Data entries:
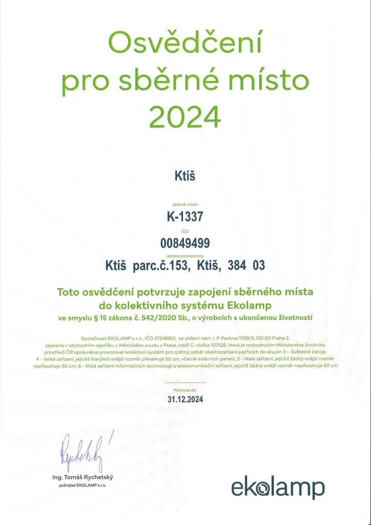 Osvědčení pro sběrné místo 2024
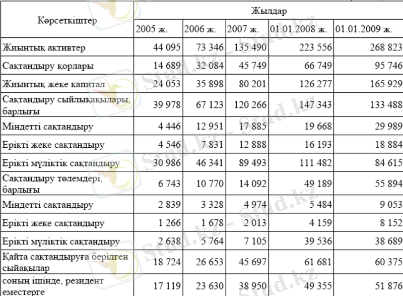 Кесте 1 - Қазақстанның сақтандыру рыногының негізгі көрсеткіштері (млн. теңгемен)
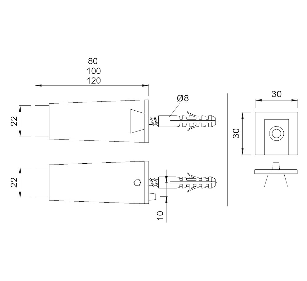 KWS Haustür Wandpuffer, Ausführung: mit einseitigem Gummipuffer, Modellnummer: 2037, Material: aluminium, Farbton: silberfarbig, Oberfläche: eloxiert, geschliffen, poliert, Befestigungstechnik: mit Verdrehsicherung, Befestigungsart: verdeckt verschraubt, Länge: 120 mm, Breite Anschraubplatte: 30 mm, Höhe Anschraubplatte: 30 mm, Form: eckig, konisch, Türgewicht max.: 40 kg, Farbe Gummipuffer: weiß
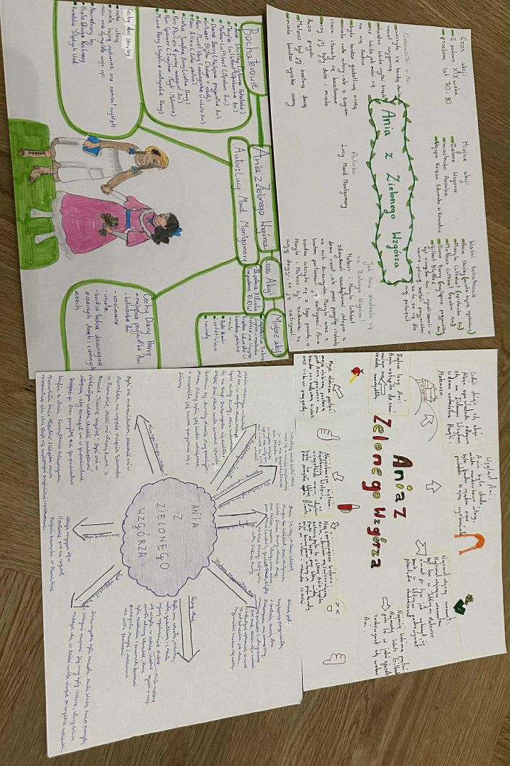 Podczas zajęć uczniowie tworzyli mapę myśli na podstawie lektury uzupełniającej „Ania z Zielonego Wzgórza”. Pracując z tekstem, porządkowali najważniejsze informacje dotyczące bohaterów, wydarzeń, miejsc oraz cech głównej postaci. Dzięki tej metodzie uczyli się selekcjonować informacje, dostrzegać związki między nimi oraz zapamiętywać treści w sposób wizualny i uporządkowany.
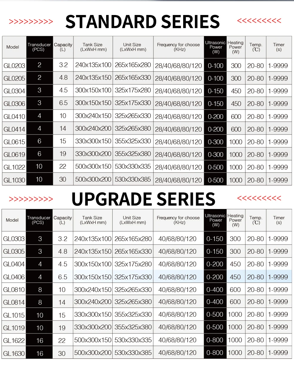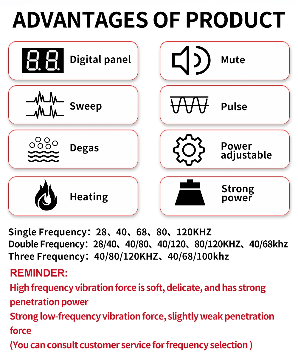 Ultrasonic Frequency: 28/40/68/80/120KHz
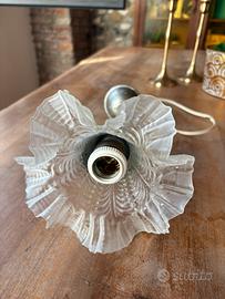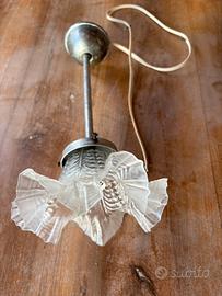 Lampadario a sospensione dal design vintage, con dettagli in vetro lavorato e finiture metalliche.
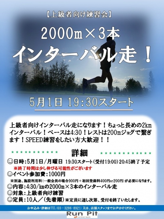 【上級者向け】 2000m×3本 インターバル走!! 受付終了
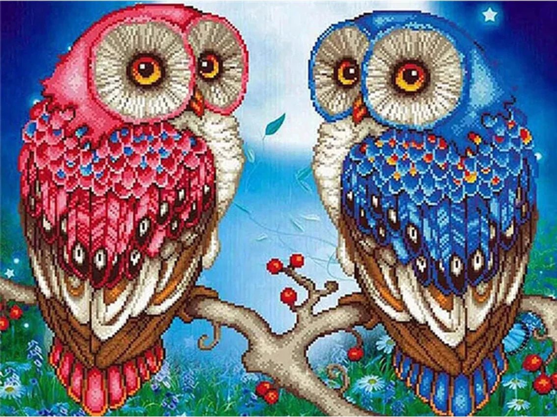➩ Hochwertige bedruckte Leinwand mit Deinem Wunschmotiv ➩ Zwei Eulen - Voll AB 5D DIY Diamond Painting. (nummeriert mit Zahlen-/ Symbolcode)
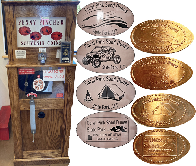 All have 'Coral Pink Sand Dunes State Park' on them. Cost is 51ยข each. The machine is to the right of the double doors upon entrance. Designs are:

Your instructions: Treating the line with "Кесте 1 - Қазақстанның" as the last line to include, retype the records exactly from their first line, excluding pictures.

Result of the task:
 Osvědčení pro sběrné místo 2024
 Кесте 1 - Қазақстанның сақтандыру рыногының негізгі көрсеткіштері (млн. теңгемен)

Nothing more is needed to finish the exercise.